On 23 December 25 members of the Chamber of Deputies, the lower house of Parliament, introduced a motion calling for the central government to recall Gizenga to the capital, disband his gendarmerie, and appoint a special commissioner to assume control over Orientale's administration. On 8 January 1962, the Chamber of Deputies passed a resolution demanding that Gizenga be recalled and return to Léopoldville within 48 hours, the disbanding of his militia, and the appointment of a special commission to reestablish central authority in Orientale. Two days later, Gizenga responded by saying he would do nothing unless the Katangan secession was resolved. Adoula ordered General Lundula to arrest Gizenga and dissolve what remained of his administration. Gizenga retaliated by ordering the provincial gendarmerie to detain Lundula and the UN officials in Stanleyville who had been investigating the Kindu atrocity.

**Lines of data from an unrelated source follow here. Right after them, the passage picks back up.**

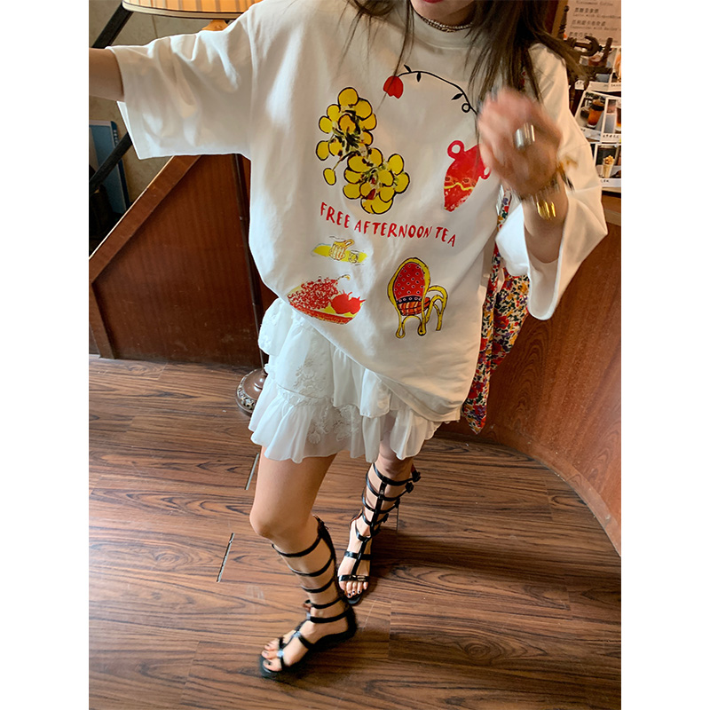 落落狷介 上衣设计感小众女2025年新款小个子显瘦宽松白色短袖T恤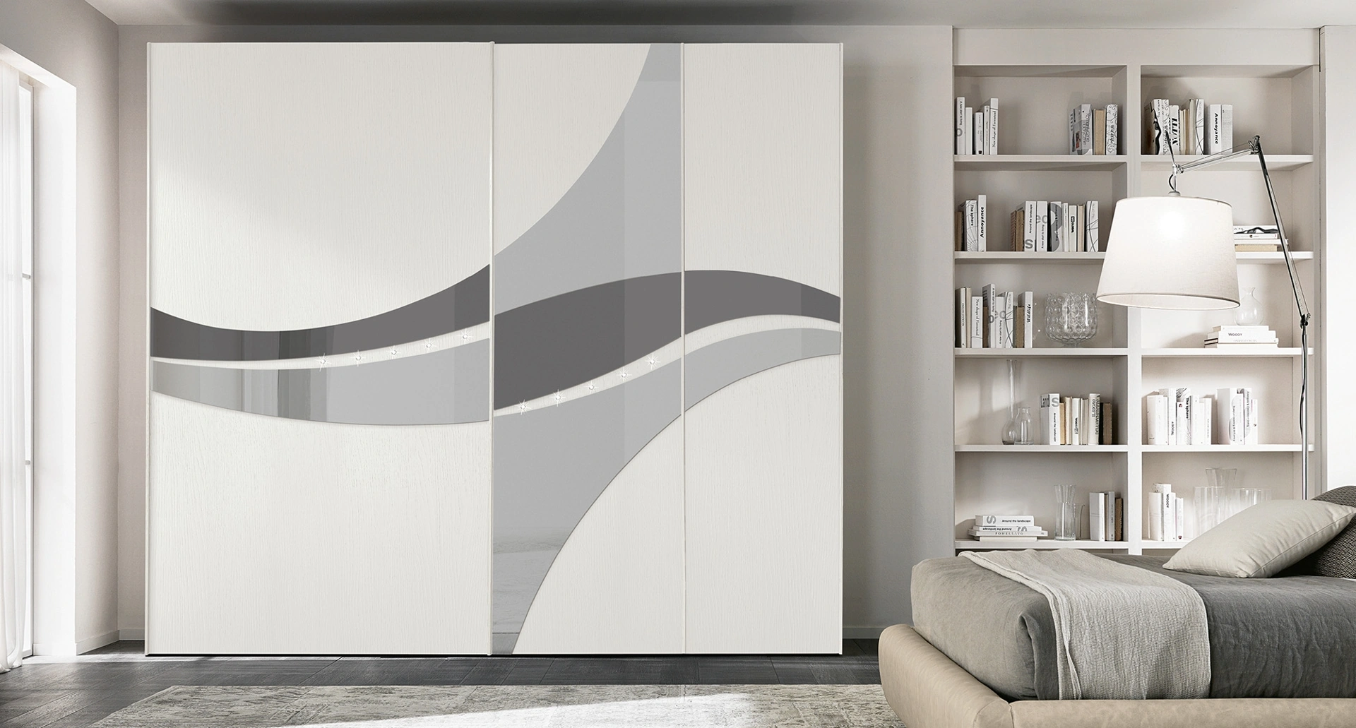 Per arredare al meglio una stanza bella e di grande qualità, scegli le più esclusive soluzioni dei migliori brand, letti, armadi e comò di grande design. Contattaci e scopri di più sulla nostra collezione di Arredamento Casa: sarai in grado di completare la camera da letto usufruendo di una diversificata offerta di contenitori moderni, come l'armadio in legno nell'immagine. Gli Armadi a muro con ante scorrevoli sono componenti immancabili in camera, per renderla arredata con gusto, pratica e completa di tutto.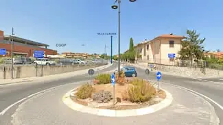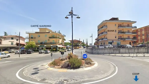 Sie fahren vom Haus auf die 'Strada degli Inglesi' und dann den Berg ganz hinunter; unten biegen Sie nach rechts auf die 'Via Farense'. Kurz vor Passo Corese biegen Sie (nach exakt 3,3 Km) beim Schild "Cimiterio" (Friedhof) rechts ab und halten sich dann geradeaus. So kommen Sie zu einem Kreisverkehr, an dem Sie auch den Coop-Supermarkt vorfinden, ebenso wie das "Caffé Giardino" und weitere Einkaufsmöglichkeiten. Wenn Sie den Kreisverkehr geradeaus überqueren, ist auch der Weg zur "Stazione" (Bahnhof) ausgeschildert.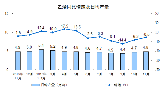 分产品看,11月份,统计的589种主要产品中有394种产品同比增长。其中,钢材9540万吨,同比增长1.7%;水泥21351万吨,增长3.7%;十种有色金属459万吨,增长2.3%;乙烯145万吨,下降0.5%;汽车300.0万辆,增长17.8%;轿车128.1万辆,增长6.4%;发电量5034亿千瓦时,增长7.0%;原油加工量4577万吨,增长3.4%。
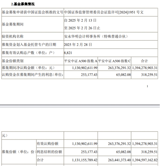 该基金募集期间净认购金额合计1,394,278,903.31元,认购资金在募集期间产生的利息合计318,259.51元,募集份额合计1,394,597,162.82份。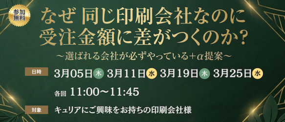 CEO:樋口 清政)は、2026年3月に印刷業界向けに、なぜ 同じ印刷会社なのに受注金額に差がつくのか? 〜選ばれる会社が必ずやっている+α提案〜 と題して、セミナーを開催することをお知らせいたします。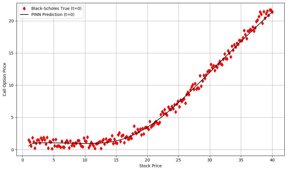 But the question still stands. Why is this “better” than the simple Black-Scholes? Why not just use the differential equation? Well, because sometimes, in life, solving the differential equation doesn’t guarantee you the “real” solution. Physics is usually approximating things, and it is doing that in a way that could create a difference between what we expect and what we see. That is why the PINN is an amazing and fascinating tool: you try to match the physics, but you are strict in the fact that the results have to match what you “see” from your dataset.

The officers of the gendarmerie refused to enforce the order, probably because the UN alerted its local garrison of the situation. On 12 January, a motion to strip Gizenga from his ministerial post was introduced in the Chamber. The following day, the provincial president of Orientale pledged his support to the central government and expressed his wish for Gizenga to leave Stanleyville. Clashes between gendarmes and central government troops throughout the city ensued, resulting in several deaths. Lundula, with the support of Adoula, requested UN assistance in eliminating the gendarmerie. UN Secretary General U Thant ordered peacekeeping troops to restore order while Lundula's soldiers surrounded Gizenga's residence. Gradually Gizenga's militia surrendered and he was placed under house arrest. From 14 to 16 January a platoon of peacekeepers assisted Lundula's troops in disarming the provincial gendarmerie. On 15 January Gizenga was formally censured by Parliament and stripped of the vice premiership.

== Aftermath ==
Gizenga's arrest deepened divisions in Parliament. Upon his own request, UN troops assumed the task of guarding Gizenga. On 20 January 1962, he was, at the behest of General Lundula and the provincial government, flown by the UN to Léopoldville. Two days later, Gizenga requested that the UN lift its guard, which was quickly replaced by the central government's "protection". On 25 January, he was imprisoned at Camp Kokolo. Upon request from Gizenga, Thant asked that Adoula respect the rival leader's legal rights. In February Adoula assured leftist members of his government that Gizenga would not be executed. He was eventually incarcerated on Bula Mbemba Island at the mouth of the Congo River, where he would remain until his release in 1964.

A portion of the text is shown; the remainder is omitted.